• _ASSIGNMENT_: Nothing but the lines below from the one holding "Calendrier bancaire rigide" up to and including the one holding "А как ты думаешь, о" should be copied, exactly and without pictures.

• _ENTRIES PROVIDED_:
####################
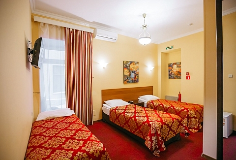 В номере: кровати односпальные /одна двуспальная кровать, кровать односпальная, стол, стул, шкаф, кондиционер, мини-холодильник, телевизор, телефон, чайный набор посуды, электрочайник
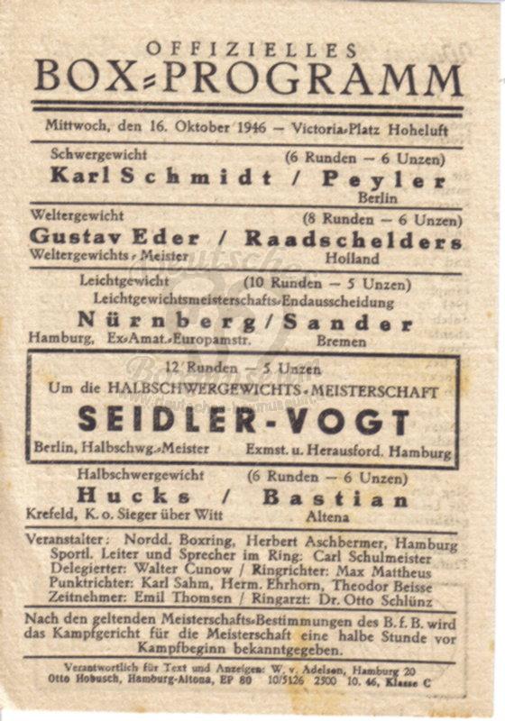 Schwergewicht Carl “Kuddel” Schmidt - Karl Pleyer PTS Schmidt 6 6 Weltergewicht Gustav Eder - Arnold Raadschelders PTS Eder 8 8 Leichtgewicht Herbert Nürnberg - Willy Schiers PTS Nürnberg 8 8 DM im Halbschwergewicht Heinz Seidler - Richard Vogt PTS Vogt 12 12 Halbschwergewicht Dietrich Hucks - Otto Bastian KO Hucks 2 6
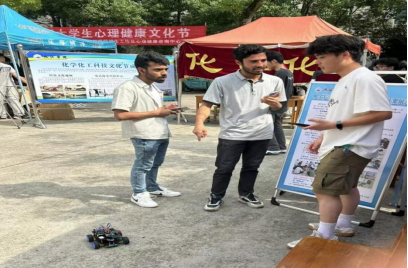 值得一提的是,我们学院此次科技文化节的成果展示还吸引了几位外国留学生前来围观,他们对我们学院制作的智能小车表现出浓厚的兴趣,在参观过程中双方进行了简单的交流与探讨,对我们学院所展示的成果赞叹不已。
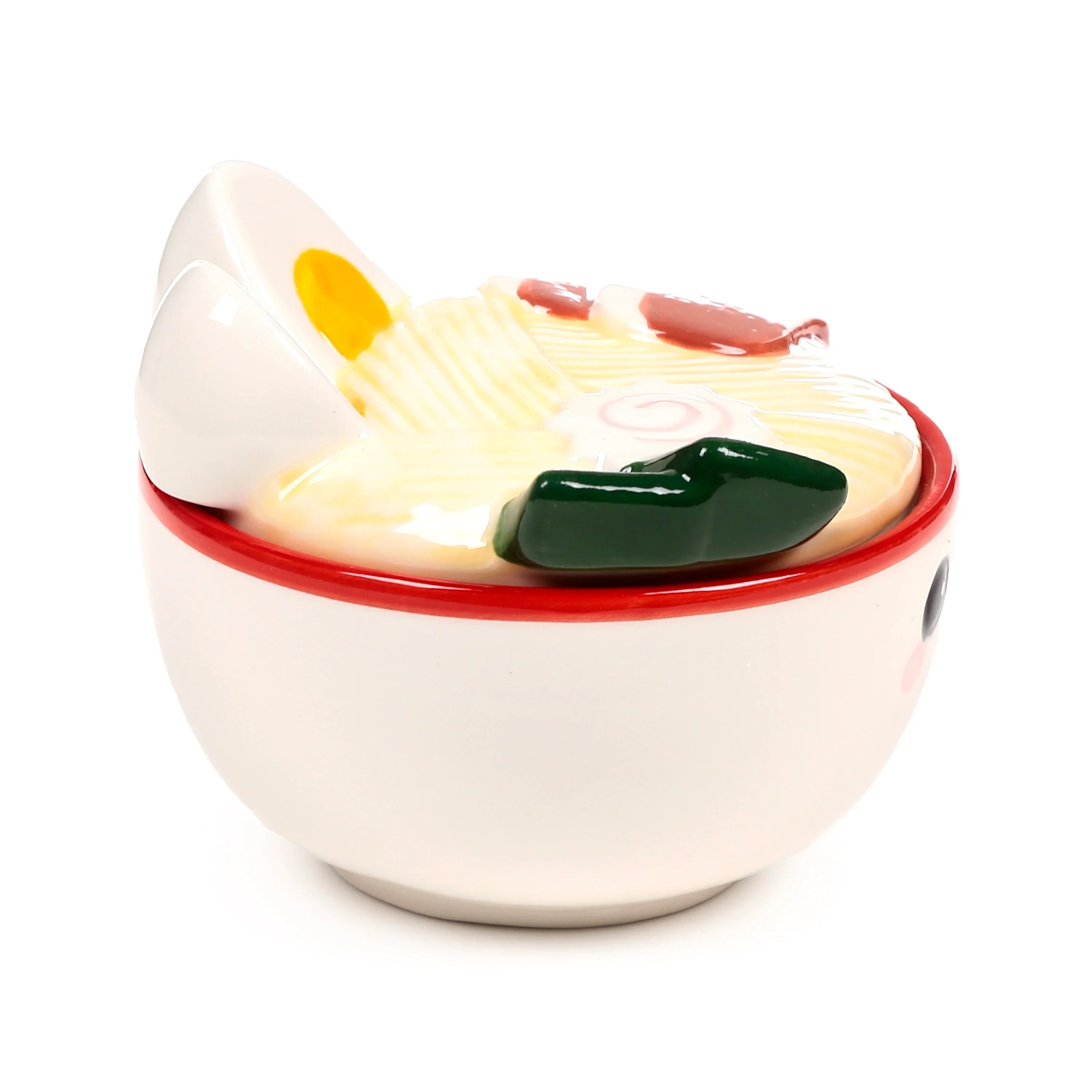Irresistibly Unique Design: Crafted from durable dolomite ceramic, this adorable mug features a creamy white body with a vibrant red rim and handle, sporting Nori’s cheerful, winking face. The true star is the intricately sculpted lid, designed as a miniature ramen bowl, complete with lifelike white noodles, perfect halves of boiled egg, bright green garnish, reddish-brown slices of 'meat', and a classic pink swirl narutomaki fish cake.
####################
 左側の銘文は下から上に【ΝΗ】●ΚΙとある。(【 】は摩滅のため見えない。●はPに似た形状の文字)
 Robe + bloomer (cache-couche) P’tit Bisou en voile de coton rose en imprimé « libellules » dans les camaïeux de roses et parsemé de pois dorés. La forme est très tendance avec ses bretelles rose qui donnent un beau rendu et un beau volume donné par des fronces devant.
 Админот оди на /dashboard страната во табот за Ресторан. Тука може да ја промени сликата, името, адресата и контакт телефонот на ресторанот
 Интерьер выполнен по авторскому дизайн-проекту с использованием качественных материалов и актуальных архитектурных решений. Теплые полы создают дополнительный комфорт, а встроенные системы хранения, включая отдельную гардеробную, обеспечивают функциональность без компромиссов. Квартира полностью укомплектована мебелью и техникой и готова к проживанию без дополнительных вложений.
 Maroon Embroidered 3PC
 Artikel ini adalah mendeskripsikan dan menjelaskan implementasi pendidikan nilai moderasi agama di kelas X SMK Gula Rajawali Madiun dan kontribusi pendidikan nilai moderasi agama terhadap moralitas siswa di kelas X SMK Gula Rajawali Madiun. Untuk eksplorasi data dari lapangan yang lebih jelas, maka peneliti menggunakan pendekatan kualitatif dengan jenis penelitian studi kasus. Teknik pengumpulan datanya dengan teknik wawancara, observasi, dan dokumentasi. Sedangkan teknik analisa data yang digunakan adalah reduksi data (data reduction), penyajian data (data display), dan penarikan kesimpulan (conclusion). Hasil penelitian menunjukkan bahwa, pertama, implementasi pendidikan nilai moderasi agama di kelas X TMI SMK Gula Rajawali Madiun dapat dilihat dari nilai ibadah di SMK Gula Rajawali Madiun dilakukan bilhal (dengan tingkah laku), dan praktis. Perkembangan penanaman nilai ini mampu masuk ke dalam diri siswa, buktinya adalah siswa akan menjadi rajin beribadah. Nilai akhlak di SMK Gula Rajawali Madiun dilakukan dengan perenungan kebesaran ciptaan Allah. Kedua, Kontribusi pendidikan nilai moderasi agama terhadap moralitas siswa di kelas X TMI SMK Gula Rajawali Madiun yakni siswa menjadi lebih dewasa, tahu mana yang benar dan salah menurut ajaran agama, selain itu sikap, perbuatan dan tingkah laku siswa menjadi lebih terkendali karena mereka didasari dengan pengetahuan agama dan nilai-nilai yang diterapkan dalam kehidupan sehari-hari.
####################
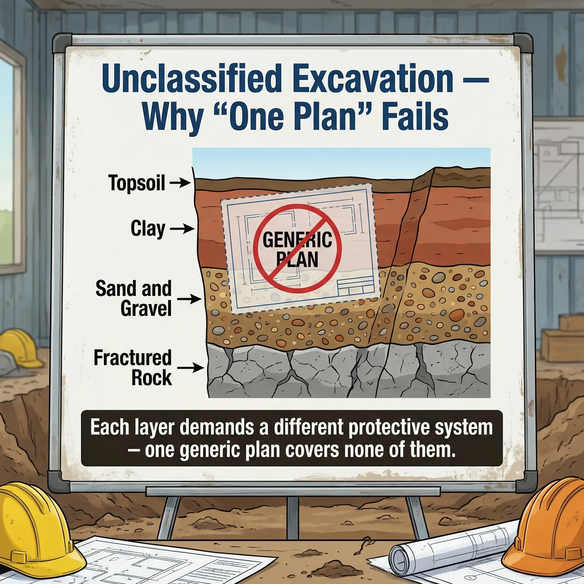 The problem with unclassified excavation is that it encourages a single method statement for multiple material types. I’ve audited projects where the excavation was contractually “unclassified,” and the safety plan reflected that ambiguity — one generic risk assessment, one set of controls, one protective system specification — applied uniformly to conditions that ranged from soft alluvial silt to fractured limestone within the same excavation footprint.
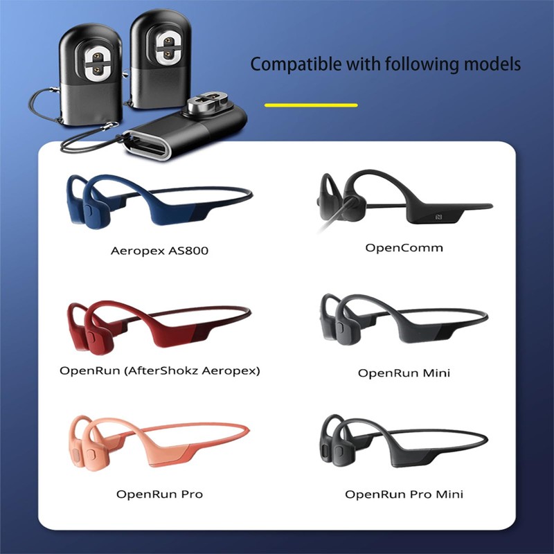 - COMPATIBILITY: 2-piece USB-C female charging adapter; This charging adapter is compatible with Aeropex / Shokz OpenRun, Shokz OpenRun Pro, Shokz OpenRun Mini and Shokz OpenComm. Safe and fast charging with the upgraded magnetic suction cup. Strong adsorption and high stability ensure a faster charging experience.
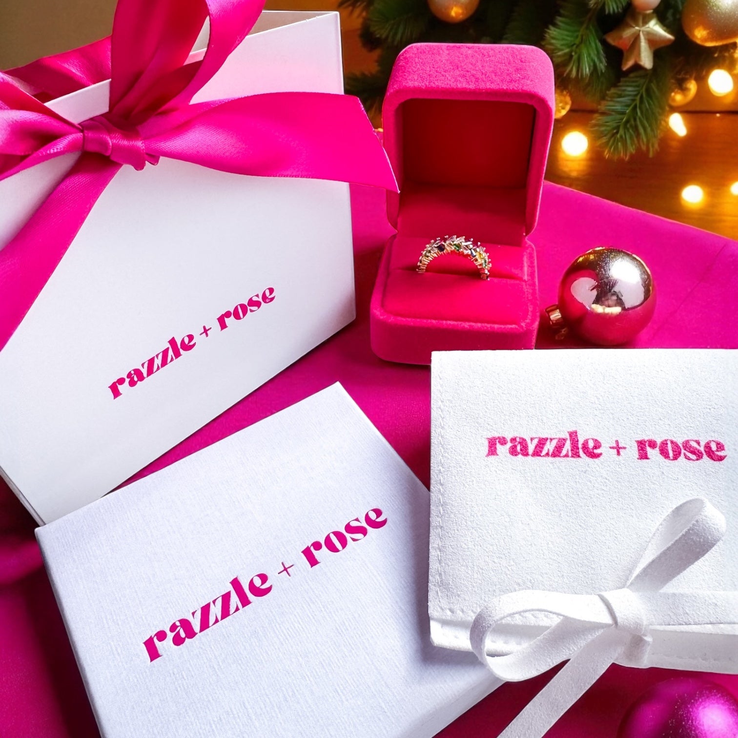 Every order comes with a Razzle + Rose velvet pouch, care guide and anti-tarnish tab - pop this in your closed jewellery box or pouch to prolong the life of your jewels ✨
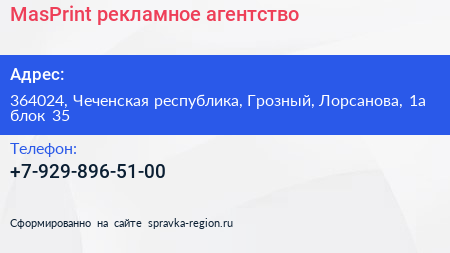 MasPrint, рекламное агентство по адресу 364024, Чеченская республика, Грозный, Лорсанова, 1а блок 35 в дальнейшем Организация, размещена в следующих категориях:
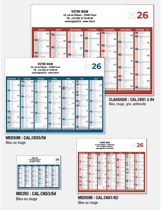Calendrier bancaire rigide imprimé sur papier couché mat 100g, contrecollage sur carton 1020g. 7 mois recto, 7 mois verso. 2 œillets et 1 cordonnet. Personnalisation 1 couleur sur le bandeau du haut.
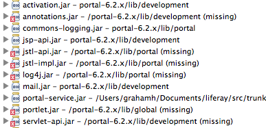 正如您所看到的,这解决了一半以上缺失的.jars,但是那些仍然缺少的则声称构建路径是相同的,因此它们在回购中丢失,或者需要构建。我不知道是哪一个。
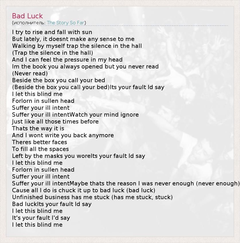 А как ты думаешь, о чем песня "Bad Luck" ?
####################
• _OUTPUT FOR THIS EXERCISE_:
Calendrier bancaire rigide imprimé sur papier couché mat 100g, contrecollage sur carton 1020g. 7 mois recto, 7 mois verso. 2 œillets et 1 cordonnet. Personnalisation 1 couleur sur le bandeau du haut.
 正如您所看到的,这解决了一半以上缺失的.jars,但是那些仍然缺少的则声称构建路径是相同的,因此它们在回购中丢失,或者需要构建。我不知道是哪一个。
 А как ты думаешь, о чем песня "Bad Luck" ?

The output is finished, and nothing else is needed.